Les inondations qui se produisirent dans les parties basses ne peuvent s'ex pliquer par l'élévation du niveau de la mer ou la fréquence des raz-de-marée au large des côtes zélandaises. Deux facteurs, l'un interne, l'autre externe, semblent permettre une interprétation plus plausible du schéma compliqué des inondations. La cause extérieure fut le changement du niveau des marées à la suite du développement de bras de mer en Zélande. La relation entre l'extension de l'Escaut occidental et les inondations le long du fleuve au nord d'Anvers en est l'exemple le plus clair. Des changements éventuels du niveau de la mer ont tout au plus influencé indirectement la création et l'élargissement des bras de mer. Plus à l'intérieur du pays, l'évolution a surtout été déterminée par la forme de ces bras de mer, qui influençait la hauteur de la marée à leur extrémité. L'abaissement du niveau du sol à la suite de l'extraction de la tourbe, différent d'un endroit à l'autre, peut être considéré comme un facteur interne supplémentaire qui explique la divergence géographique et temporelle des inondations. Il faut se borner à des hypothèses sur le point de savoir dans quelle mesure un abaissement régional du terrain dans la partie basse des fagnes en général et l'amélioration du drainage à marée basse dans les nouveaux bras de mer a contribué à l'extension de ces inondations.

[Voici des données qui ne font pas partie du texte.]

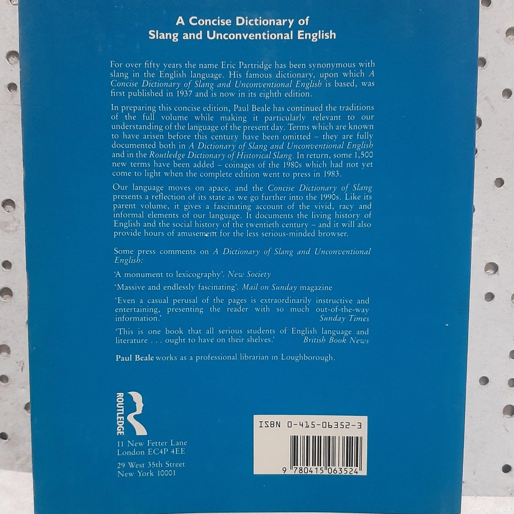 فرهنگ مختصر اصطلاحات عامیانه و نامتعارف انگلیسی - زبان انگلیسی - ویرایش جدید - چاپ انگلستان - چاپ سال 1989 میلادی - بین وزیری و رحلی - شومیز - 534 ص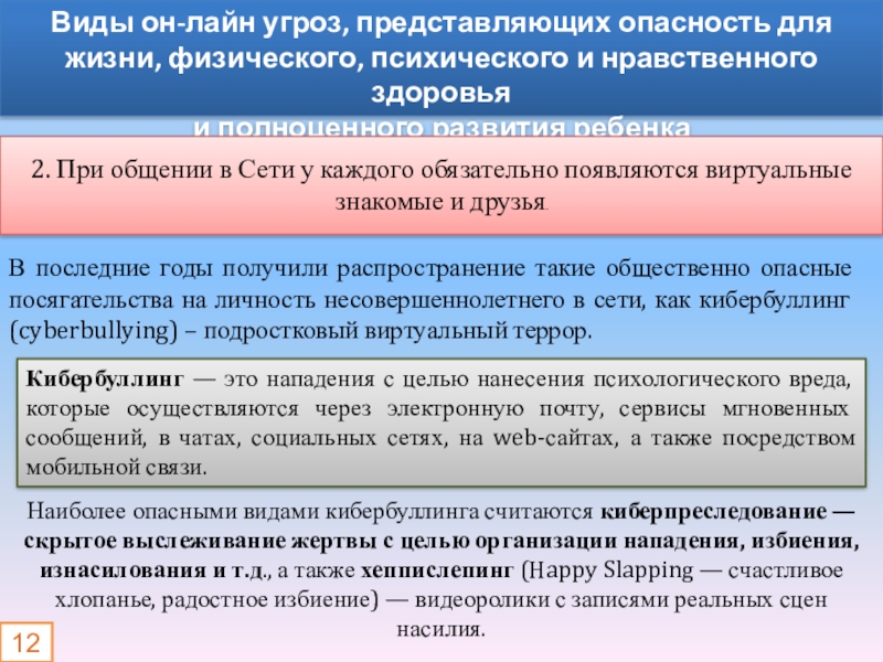 В последние годы получили распространение такие общественно опасные посягательства на личность несовершеннолетнего в сети, как кибербуллинг (cyberbullying) – подростковый виртуальный террор.

Celles-ci ont mis fin à l'exploitation agricole de la fagne dans la partie inférieure de notre aire de recherches. L'extraction de la tourbe et la production du sel (cette derniere étant prépondérante pour des raisons économiques) resterent possibles pendant quelques décennies. Mais la production du sel fut découragée à la longue par les alluvions qui s'accumulaient de plus en plus sur la fagne, la perspective de créer des polders rentables sur l'argile après des travaux d'endiguement rendus possible par le développement ininterrompu des marais, et, dans une mesure moindre, par l'importation de sel francais. La production du sel cessa vers 1460.
La mer ne risquait pas d'inonder la partie supérieure de la région. La tourbe une fois enlevée, le sous-sol sableux apparut à la surface. Même après la fin de l'exploitation commerciale de la tourbe, les fermiers continuerent à l'extraire, détruisant ainsi les derniers restes de la fagne. Ce qui subsistait disparut sous la bruyere ou fut charrué et détruit par l'oxydation. Avant même le travail de défrichage, le terrain mal drainé à la suite de l'abandon des canaux redevint une lande humide dans laquelle la tourbe se reforma localement.
Contrairement à ce qui s'est passé dans les tourbieres du nord de la Flandre et du nord-est des Pays-Bas, l'extraction de la tourbe n'a été suivie immédiatement par le défrichage agricole que dans quelques endroits de la région qui nous occupe. Cette différence est sans doute due au fait que les terrains y étaient principalement vendus en vue de la production de tourbe et que les seigneurs locaux et régionaux s'abstenaient d'initiatives de défrichage.
Le laps de temps entre la fin de l'extraction de la tourbe à un endroit et le début du défrichage agricole a été le facteur principal de conservation de traces de la période d'exploitation dans le paysage agricole. Dans les territoires défrichés très tôt, on retrouve des vestiges du XIIIe siècle au milieu du paysage campinois qui a envahi la région. Par contre, dans les terrains défrichés au XXe siècle, les témoins de cette période ont pratiquement tous disparu. Ce sont surtout les canaux destinés au transport de la tourbe qui déterminent le caractere du paysage en raison de leur longueur importante et des rangées d'arbres à haute tige ou d'arbustes qui les bordent.
Dans la partie inférieure, la fagne est actuellement cachée par des dépots récents d'argile, de gravier et de sable. Dans la partie supérieure, les fermiers ont minutieusement enlevé les restes de tourbe laissés par les grandes exploitations. Le temps a fait le reste. C'est ainsi qu'a disparu une importante couche de tourbe d'un grand intérêt commercial.